An exact transcription of all the data is required; the pictures are to be left out.

## PROVIDED ENTRIES:
----
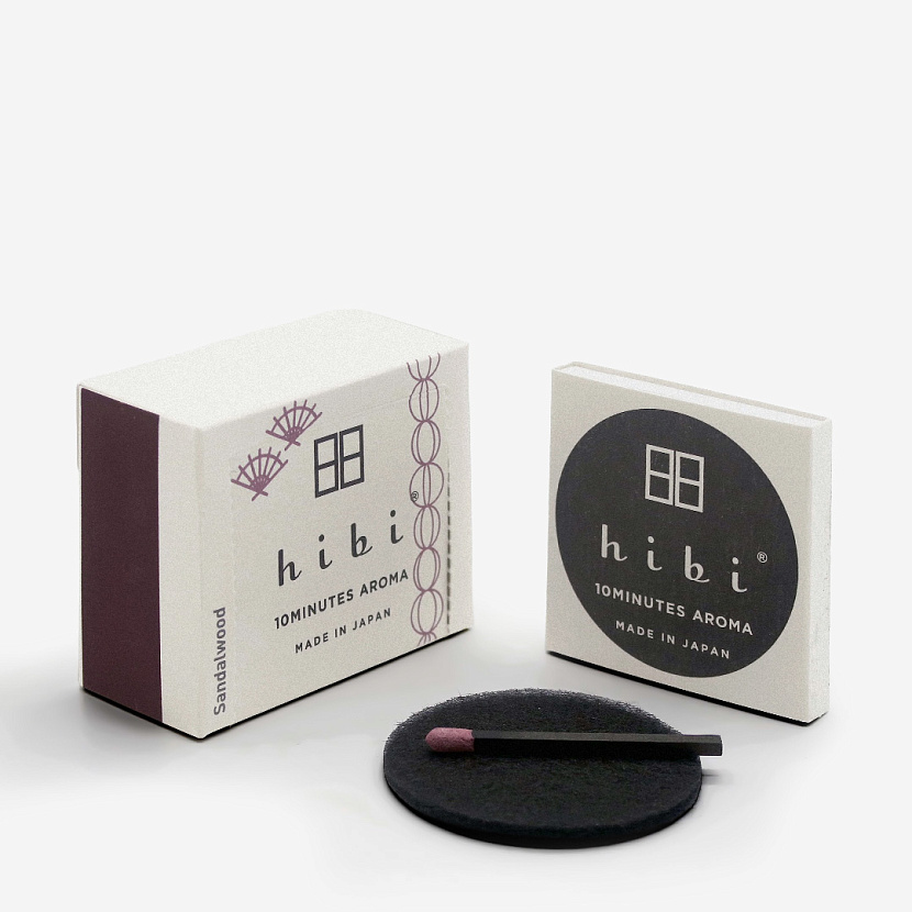 Набор для ароматерапии Sandalwood Large Box от японского бренда Hibi. В набор входит коробка, 30 ароматических спичек, пропитанных эфирным маслом сандала, и специальный огнеупорный коврик, благодаря которому можно зажечь благовоние прямо внутри коробочки.
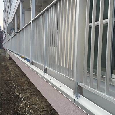 アルミZ型笠木は、バルコニー手すり下端の改修工事において笠木交換用として簡易施工できます。モルタルによるかさ上げの必要がなく、通常の笠木に比べ施工が楽で予算削減できます。L型の防水押えと違い、立ち上がりがあるので転落・落下防止になります。
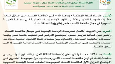 كلمة المملكة خلال الاجتماع الوزاري الثاني لمكافحة الفساد
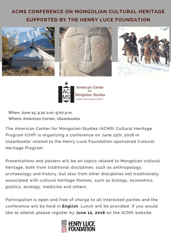 Subject: Reminder: ACMS Conference on Mongolian Cultural Heritage Supported by the Henry Luce Foundation - June 15th, 2018
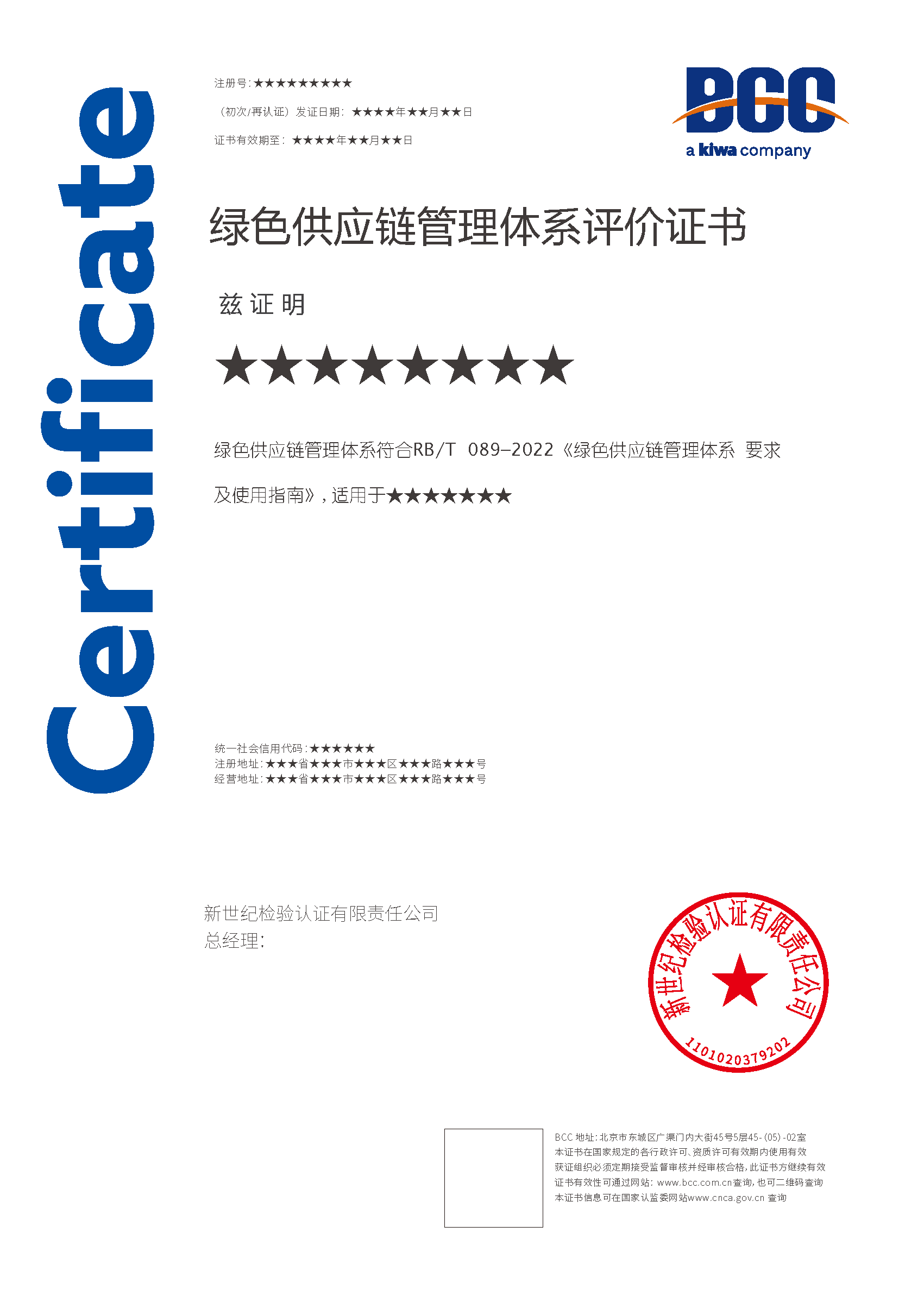 本頁涉及的認證服務中均有對應的《認證實施規則》,BCC擁有其最終解釋權。任何組織及個人未經BCC許可,不得以任何形式全部或部分使用(法律要求除外)認證相關信息。如需獲取相關實施規則請用以下方式聯系獲取:電話:010-58579316 郵箱:fwjs@kiwa.cn
----
## RESULT FOR THIS EXERCISE:
 Набор для ароматерапии Sandalwood Large Box от японского бренда Hibi. В набор входит коробка, 30 ароматических спичек, пропитанных эфирным маслом сандала, и специальный огнеупорный коврик, благодаря которому можно зажечь благовоние прямо внутри коробочки.
 アルミZ型笠木は、バルコニー手すり下端の改修工事において笠木交換用として簡易施工できます。モルタルによるかさ上げの必要がなく、通常の笠木に比べ施工が楽で予算削減できます。L型の防水押えと違い、立ち上がりがあるので転落・落下防止になります。
 كلمة المملكة خلال الاجتماع الوزاري الثاني لمكافحة الفساد
 Subject: Reminder: ACMS Conference on Mongolian Cultural Heritage Supported by the Henry Luce Foundation - June 15th, 2018
 本頁涉及的認證服務中均有對應的《認證實施規則》,BCC擁有其最終解釋權。任何組織及個人未經BCC許可,不得以任何形式全部或部分使用(法律要求除外)認證相關信息。如需獲取相關實施規則請用以下方式聯系獲取:電話:010-58579316 郵箱:fwjs@kiwa.cn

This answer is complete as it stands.